MATERIAL TO PROCESS:
==============================

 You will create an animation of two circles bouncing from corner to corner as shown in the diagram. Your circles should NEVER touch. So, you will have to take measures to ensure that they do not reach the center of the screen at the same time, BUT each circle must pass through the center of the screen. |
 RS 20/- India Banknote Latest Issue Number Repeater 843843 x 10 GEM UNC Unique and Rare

==============================

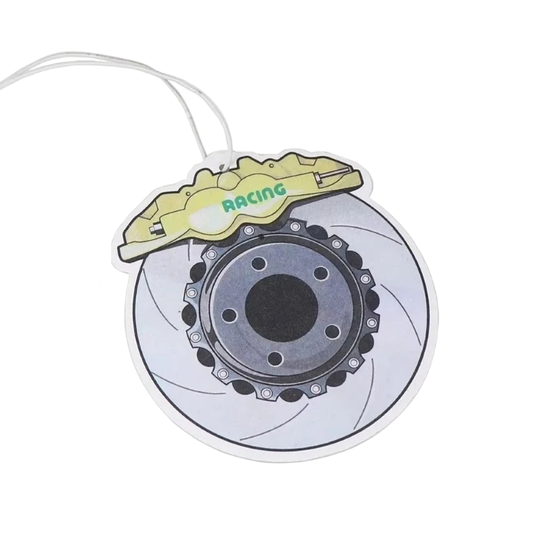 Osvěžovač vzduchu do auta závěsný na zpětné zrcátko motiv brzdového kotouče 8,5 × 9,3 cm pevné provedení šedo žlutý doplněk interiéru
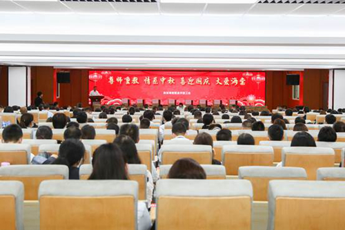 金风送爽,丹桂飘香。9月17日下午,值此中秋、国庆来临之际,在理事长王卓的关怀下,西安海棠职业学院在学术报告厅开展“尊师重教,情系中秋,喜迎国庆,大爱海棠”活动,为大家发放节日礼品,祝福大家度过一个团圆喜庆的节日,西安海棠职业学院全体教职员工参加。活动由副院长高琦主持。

==============================

EXERCISE GOAL: When you reach the line that has "Osvěžovač vzduchu do" in the data above, start repeating lines exactly, and stop after the line that has "金风送爽,丹桂飘香。9月17"; pictures stay out.

ANSWER TO THE PROBLEM:
 Osvěžovač vzduchu do auta závěsný na zpětné zrcátko motiv brzdového kotouče 8,5 × 9,3 cm pevné provedení šedo žlutý doplněk interiéru
 金风送爽,丹桂飘香。9月17日下午,值此中秋、国庆来临之际,在理事长王卓的关怀下,西安海棠职业学院在学术报告厅开展“尊师重教,情系中秋,喜迎国庆,大爱海棠”活动,为大家发放节日礼品,祝福大家度过一个团圆喜庆的节日,西安海棠职业学院全体教职员工参加。活动由副院长高琦主持。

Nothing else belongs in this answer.